1. Field
This disclosure is generally related to an Ethernet Passive Optical Network (EPON). More specifically, this disclosure is related to multiple EPONs sharing a common downstream link.
2. Related Arts
In order to keep pace with increasing Internet traffic, network operators have widely deployed optical fibers and optical transmission equipment, substantially increasing the capacity of backbone networks. A corresponding increase in access network capacity, however, has not matched this increase in backbone network capacity. Even with broadband solutions, such as digital subscriber line (DSL) and cable modem (CM), the limited bandwidth offered by current access networks still presents a severe bottleneck in delivering large bandwidth to end users.
Among different competing technologies, passive optical networks (PONs) are one of the best candidates for next-generation access networks. With the large bandwidth of optical fibers, PONs can accommodate broadband voice, data, and video traffic simultaneously. Such integrated service is difficult to provide with DSL or CM technology. Furthermore, PONs can be built with existing protocols, such as Ethernet and ATM, which facilitate interoperability between PONs and other network equipment.
Typically, PONs are used in the “first mile” of the network, which provides connectivity between the service provider's central offices and the premises of the customers. The “first mile” is generally a logical point-to-multipoint network, where a central office serves a number of customers. For example, a PON can adopt a tree topology, wherein one trunk fiber couples the central office to a passive optical splitter/combiner. Through a number of branch fibers, the passive optical splitter/combiner divides and distributes downstream optical signals to customers and combines upstream optical signals from customers. Note that other topologies, such as ring and mesh topologies, are also possible.

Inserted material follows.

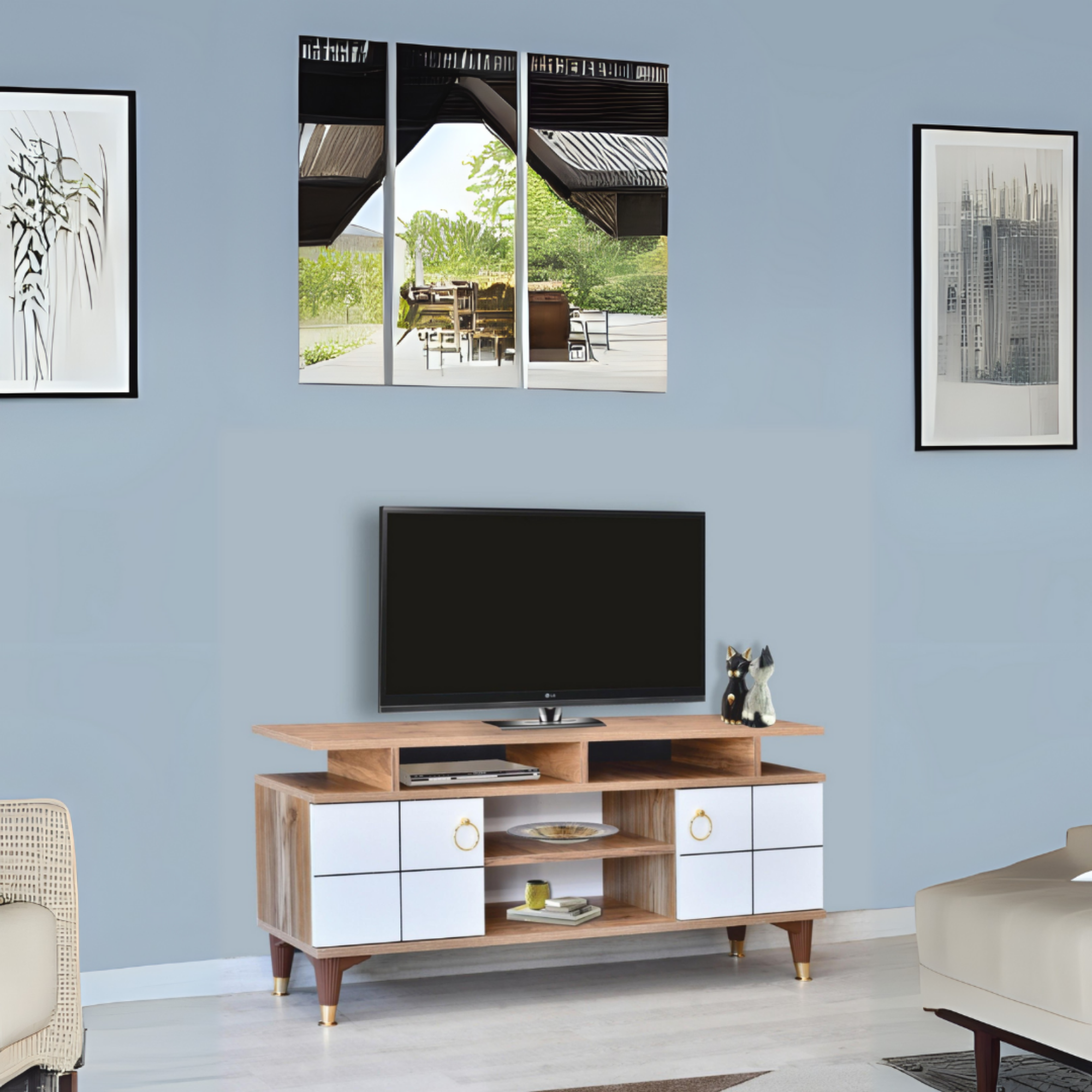 ✨ Mega TV Sehpası , doğal ahşap tonlarıyla modern beyazın birleştiği, hem fonksiyonel hem şık bir tasarımdır. Gold halkalı kulplar ve yüksek ayak yapısı ile estetik bir görünüm sunar.

Transmissions within a PON are typically performed between an optical line terminal (OLT) and optical network units (ONUs). The OLT generally resides in the central office and couples the optical access network to a metro backbone, which can be an external network belonging to, for example, an Internet service provider (ISP) or a local exchange carrier. The ONU can reside in the residence of the customer and couples to the customer's own home network through a customer-premises equipment (CPE).
FIG. 1A illustrates a passive optical network including an OLT (located at a central office) and a number of ONUs (located at customers' premises) coupled through optical fibers and a passive optical splitter (prior art). A passive optical splitter 108 and optical fibers couple ONUs 102, 104, and 106 to an OLT 100. Although FIG. 1 illustrates a tree topology, a PON can also be based on other topologies, such as a logical ring or a logical bus. Note that, although in this disclosure many examples are based on EPONs, embodiments of the present invention are not limited to EPONs and can be applied to a variety of PONs, such as ATM PONs (APONs) and wavelength domain multiplexing (WDM) PONs.
FIG. 1B presents a block diagram illustrating the layered structure of a conventional EPON (prior art). The left half of FIG. 1B illustrates the layer structure of an Open System Interconnection (OSI) model including an application layer 110, a presentation layer 112, a session layer 114, a transport layer 116, a network layer 118, a data link layer 120, and a physical layer 122. The right half of FIG. 1B illustrates EPON elements residing in data link layer 120 and physical layer 122. EPON elements include a media access control (MAC) layer 128, a MAC control, layer 126, a logic link control (LLC) layer 124, a reconciliation sublayer (RS) 130, medium interface 132, and physical layer device (PHY) 134.
In an EPON, communications can include downstream traffic and upstream traffic. In the following description, “downstream” refers to the direction from an OLT to one or more ONUs, and “upstream” refers to the direction from an ONU to the OLT. In the downstream direction, because of the broadcast nature of the 1×N passive optical coupler, data packets are broadcast by the OLT to all ONUs and are selectively extracted by their destination ONUs. Moreover, each ONU is assigned one or more Logical Link Identifiers (LLIDs), and a data packet transmitted by the OLT typically specifies an LLID of the destination ONU. In the upstream direction, the ONUs need to share channel capacity and resources, because there is only one link coupling the passive optical coupler to the OLT.
In order to avoid collision of upstream transmissions from different ONUs, ONU transmissions are arbitrated. This arbitration can be achieved by allocating a transmission window (grant) to each ONU. An ONU defers transmission until its grant arrives. A multipoint control protocol (MPCP) located in the MAC control layer can be used to assign transmission time slots to ONUs, and the MPCP in an OLT is responsible for arbitrating upstream transmissions of all ONUs coupled to the same OLT.
Due to the splitting loss at passive optical splitter 108, the number of ONUs coupled to an OLT is limited, thus limiting the number of subscribers within a PON. In order to increase the number of subscribers, the carrier needs to install more OLTs in the central office. Because OLTs are expensive, it is desirable to find an alternative that can allow more subscribers to couple to one OLT.